La vie au pouvoir puis la vie après le pouvoir. Des millions de citoyens ne connaissent d’ailleurs rien du pouvoir, une vie sans pouvoir du tout. De toutes les expériences que j’ai connues sur le continent, celle du Bénin m’a particulièrement marqué lorsqu’à la fin du 2ème mandat du président Mathieu Kérékou, le débat sur sa succession a surgi surtout dans les cercles du pouvoir au sein desquels je comptais beaucoup d’amis. Un débat si passionné qui m’obligea à donner une interview à un journal paraissant à Cotonou où j’y étalais ma conception sur le sujet. À cette époque-là, comme aujourd’hui, où l’alternance demeure encore une problématique dans plusieurs pays africains notamment francophones, ma contribution est la même : "l’alternance ne s’évite pas, elle se prépare dans tous cas de figure".
Je disais, en effet, aux amis Béninois partisans du régime d’alors qu’au lieu de paniquer face à la perspective d’un départ définitif du général Kérékou au terme de son deuxième et dernier mandat constitutionnel, il était dans leur intérêt de penser à un futur sans leur leader charismatique. Même si les velléités de quelques-uns à voir la constitution modifier afin de prolonger le règne du général prospéraient, il arrivera toujours le moment de la fin, soit par un événement naturel soit pas une conjoncture exceptionnelle. Et généralement personne ne sait ce qui pourrait advenir de ces situations imprévues. Grâce à l’esprit de tolérance et d’ouverture qui ont toujours animé le débat public au Bénin, j’ai constaté que la famille politique du général a renoncé finalement à toute idée de faire modifier la constitution. Depuis lors, l’ancien président fait une nouvelle expérience de vie après le pouvoir, lorsqu’on sait qu’il a déjà vécu pareille circonstance entre 1991 et 1996 après avoir perdu le pouvoir une première fois avant de revenir toujours par les urnes.
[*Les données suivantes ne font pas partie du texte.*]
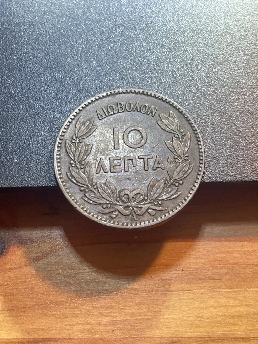 This is a Greek 10 Lepta coin from 1882. The coin features a portrait of a man on one side and a laurel wreath with the denomination on the other. It's a collector's item for numismatists interested in historical currency.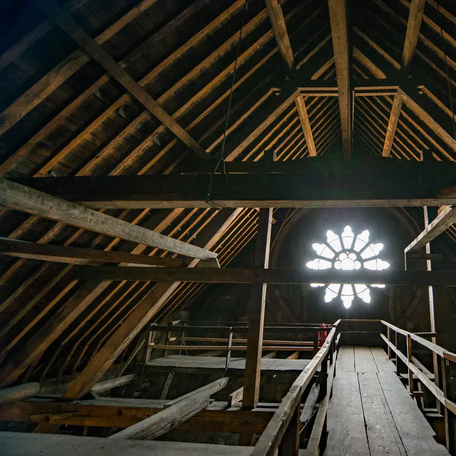 Après l’incendie de 2019, le choix a été fait de reconstruire le grand comble et la flèche avec les matériaux d’origine, donc en chêne massif (et couverture en plomb).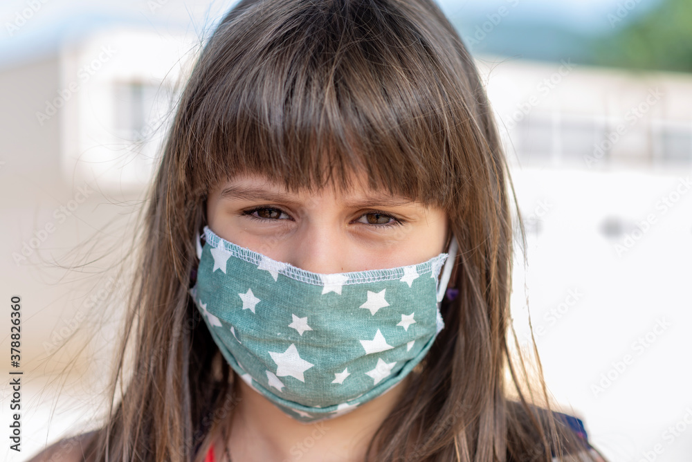 Girl wearing face mask during corona virus and flu outbreak. Worried girl looking at the camera.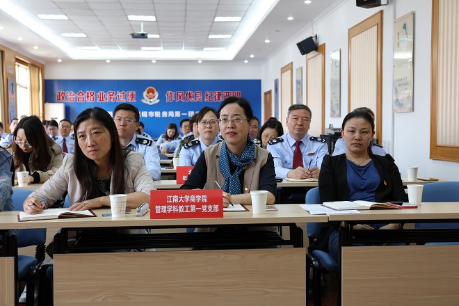 为深入开展“不忘初心、牢记使命”主题教育,以丰富学习载体,采取领学、导学和辅学等形式组织好党支部开展学习教育活动,2019年10月23日下午,商学院管理学科教工第一党支部与联学共建的无锡税务第一稽查局党支部、江南大学财务处党支部,以及结对共建的商学院2018级硕士生党支部联合开展“不忘初心、牢记使命”主题教育党日活动,联学共建党支部的党员近80人在无锡税务第一稽查局会议室进行党课教育活动。
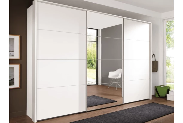 Veľká šatníková skriňa s 3 posuvnými dverami a s celkovou šírkou 270 cm. Vyrobená v celobielom prevedení so stredovým zrkadlom. Ponúka dostatok úložných priestorov pre početné ošatenie, navyše možno doplniť o ďalšie vnútorné police.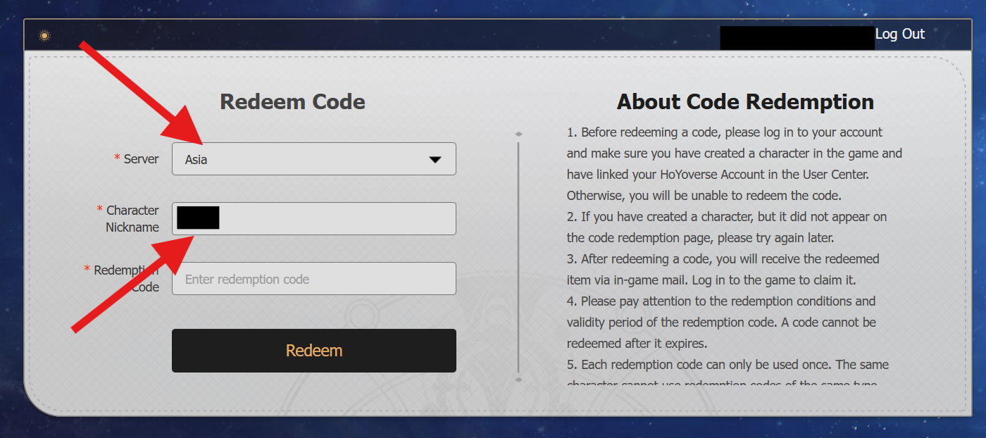 Luego, puedes canjear códigos a través del portal en línea de HoYoverse:
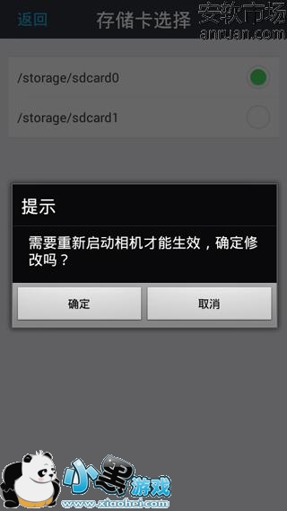 5、当存储路径改变了以后,魅拍相机会提示你只要重新启动相机才会生效,点击确定按钮即可,如下图。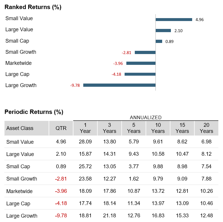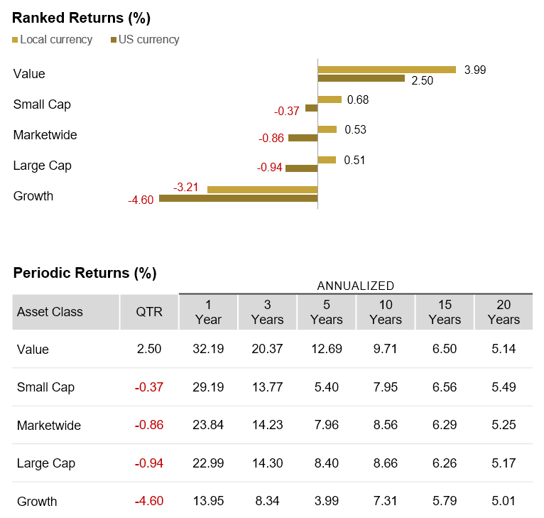 - The US equity market posted negative returns for the quarter and underperformed both non-US developed and emerging markets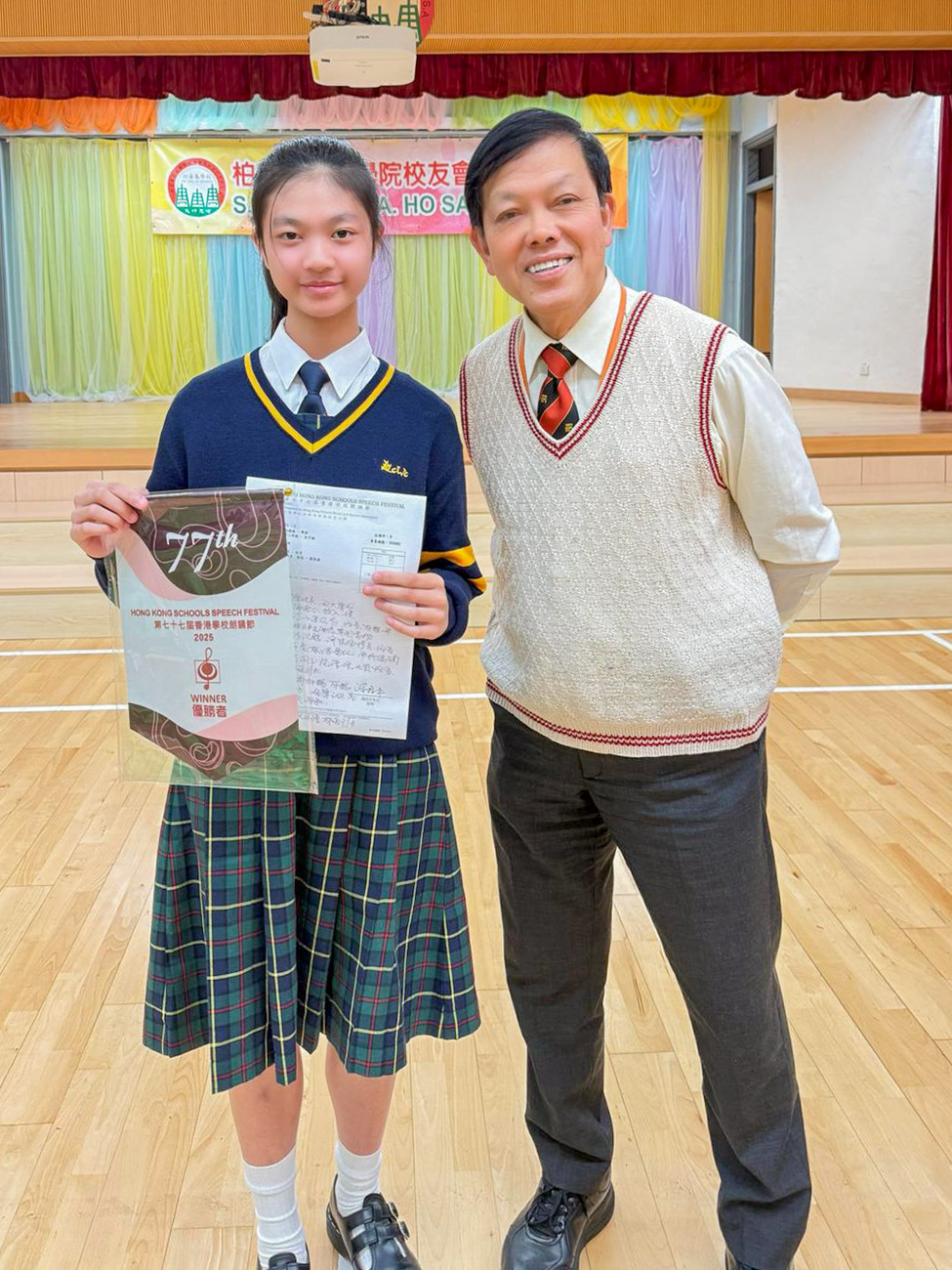 今年2A班在早前舉行的校際朗誦節中獲得粵語中學一、二年級-男子或女子或男女合誦比賽的冠軍。(比賽當日,每位學生都全力以赴,得到評判讚賞「申情專注,節奏跌宕,具豁達之姿」的評語。再次恭喜各位得獎同學!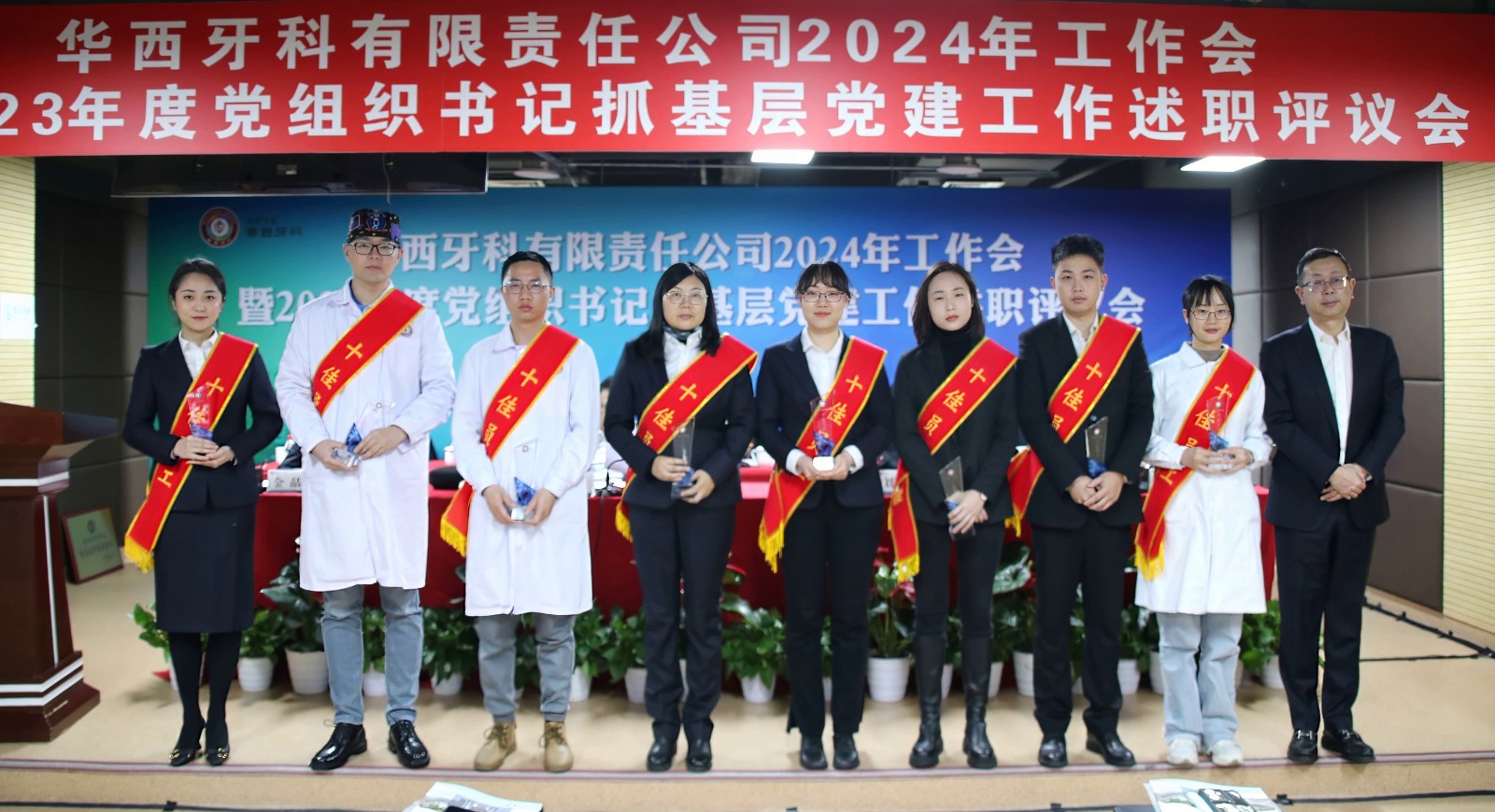 党委组织部副部长、党委党校常务副校长郑雄,华西牙科本部全体员工、各子公司党总支(党支部)书记、班子成员、中层管理人员、党员代表、职工代表以及受表彰的先进个人,各子公司中层副职以上人员通过现场+视频方式参加会议。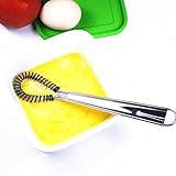 Food grade material this mini spring egg beater crafted by stainless steel with silicone coil durable and ecofriendly Functionable the small silicone whisk with a short flat handle it moves smoothly across edge of bowl and gets into the corners of a pot much more thoroughly hand crank mixer not only using as an egg whisk and great for whisking lumps out of smooth sauces and scrambling eggsergonomic flat handle is a secure grip for any mixing task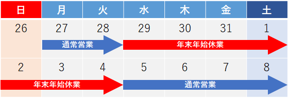 2021年12月29日(水)~2022年1月4日(火)までコールセンター業務におきましては、年末年始期間中も通常どおり営業いたします。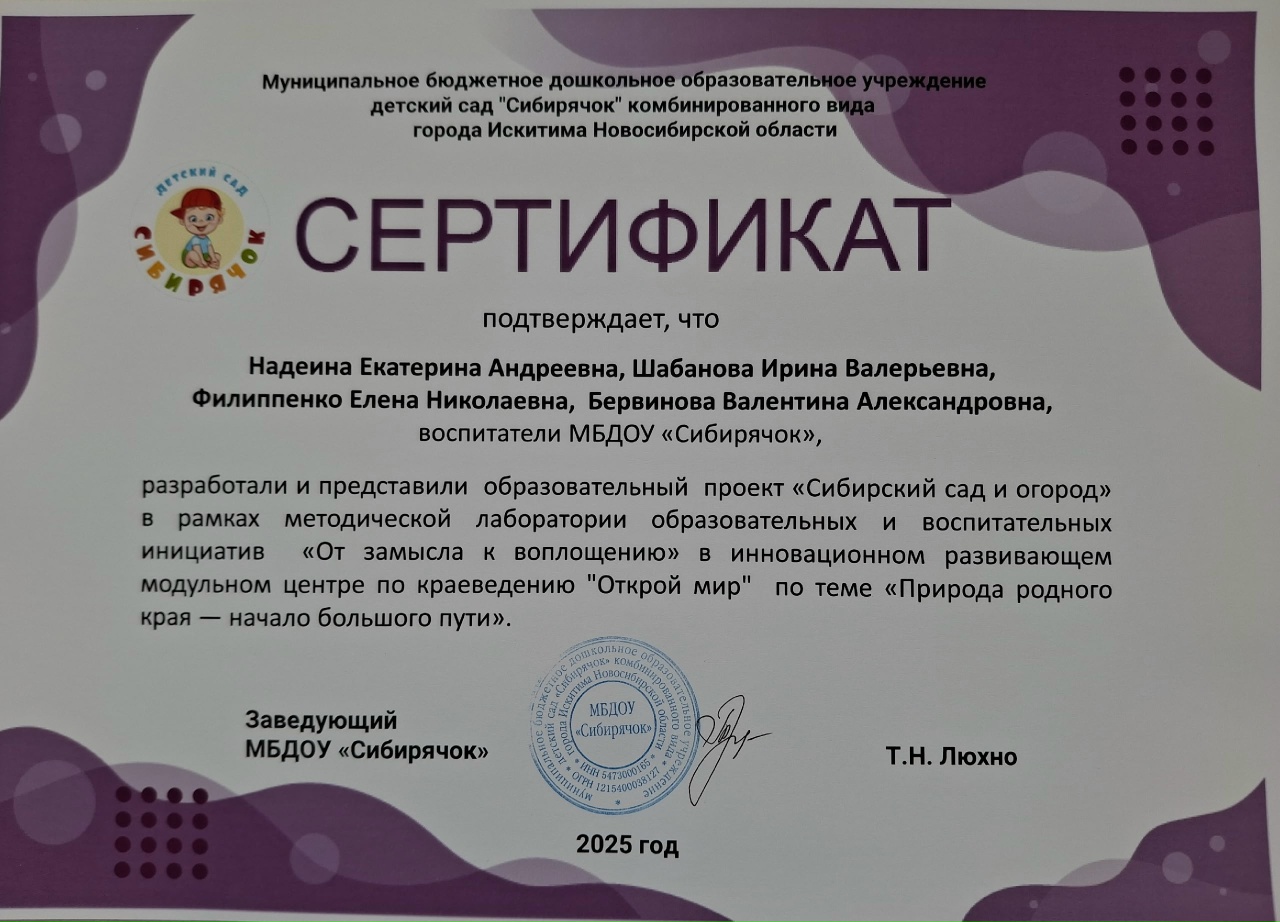 Сертификат Разработали и представили образовательный проект "Сибирский сад и огород" в рамках методической лаборатории образовательных и воспитательных инициатив "От замысла к воплощению", 2025 год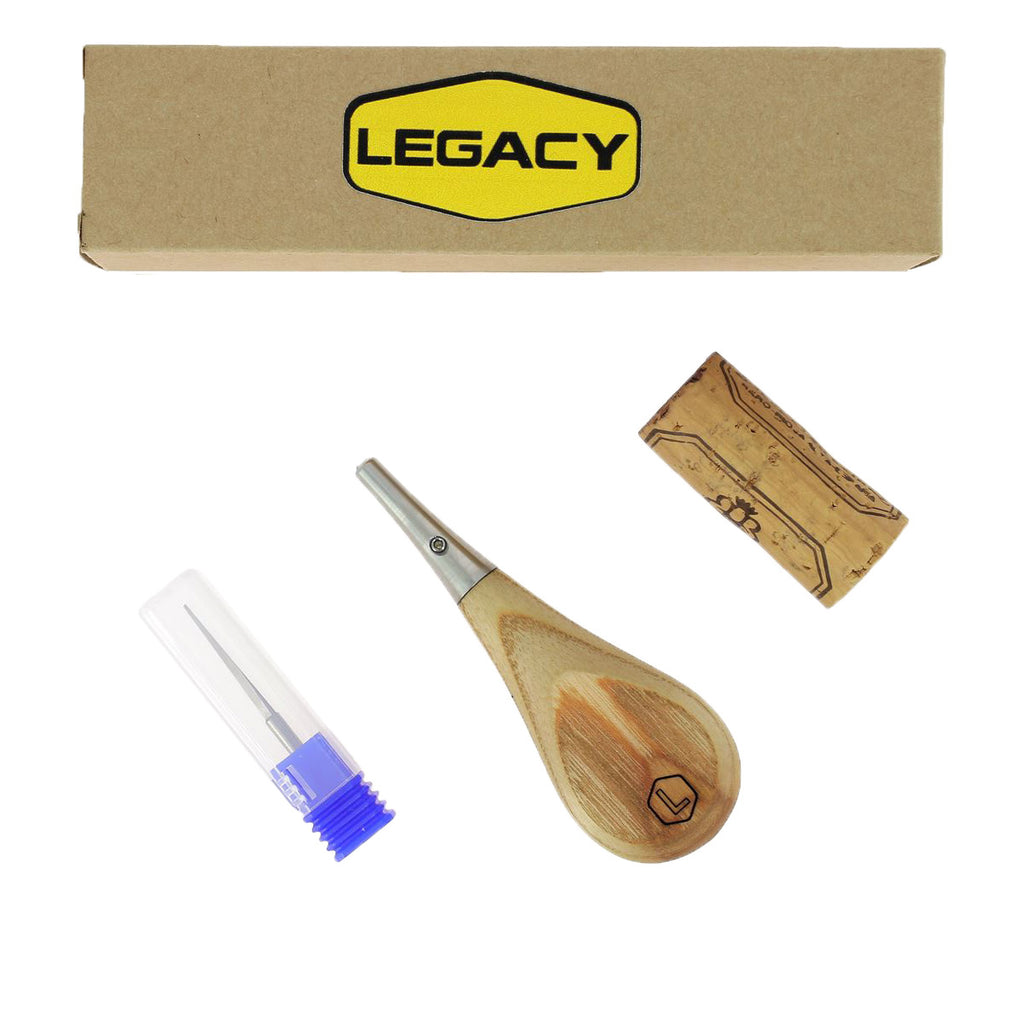 Cette alêne est fournie avec une lame non montée, nécessitant une clé Allen de 1,5 (non fournie) pour l’assemblage. Pour votre sécurité, un bouchon de liège est inclus afin de protéger la lame lorsqu’elle n’est pas utilisée. L’ensemble est présenté dans une élégante boîte siglée Legacy.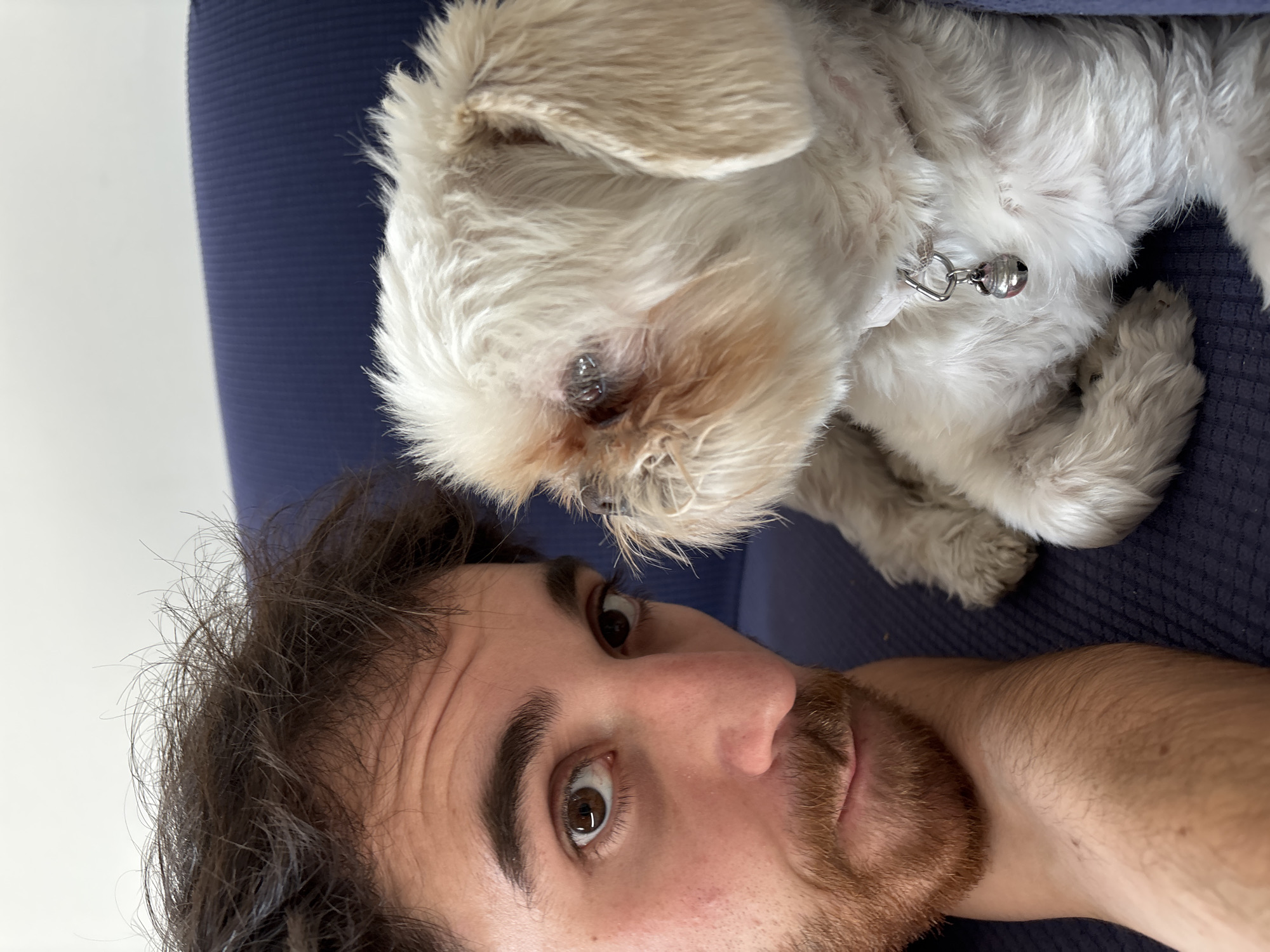 A close-up photograph depicts a male individual and a dog situated on dark blue upholstered furniture within an indoor setting in Santa Clara Ocoyucan, Mexico. The male, positioned on the left, has dark brown, disheveled hair, thick eyebrows, brown eyes, and a light brown beard and mustache. He is observed looking directly forward into the camera. His right forearm is visible, supporting his head. To the right of the male is a small, light-colored dog, likely a Shih Tzu or similar breed, with predominantly white fur and some light brown coloration around its snout and ears. The dog is partially obscured by the male's head and is looking towards the right side of the frame, away from the camera. It wears a light-colored collar with a small silver bell attached to a metal ring. Both subjects are positioned against a backdrop that transitions from a light, possibly white, upper area to the dark blue upholstery below.

Dans une République moderne, il est vain de craindre une quelconque survenance de l’alternance. Au contraire, il vaut mieux être préparé à cela à chaque instant que d’y être contraint. Le parcours de plusieurs pays africains montrent bien que le départ d’un president du pouvoir ne signifie nullement la déchéance de tous ses partisans. Afrique du Sud, Tanzanie, Zambie, Namibie, Ghana, Cap-Vert etc.... A peine une recomposition de la classe politique, des grincements de dents, puis une reprise de la vie avec quelques aménagements suivants les circonstances. C’est le principe républicain qui commande que les uns succèdent aux autres dans la conduite des affaires de la citée. Même la grande Chine très jalouse de son modèle de parti unique manie avec maestria depuis Mao les vertus de l’alternance au pouvoir. La vie après le pouvoir devrait donc être une grâce et non une malédiction.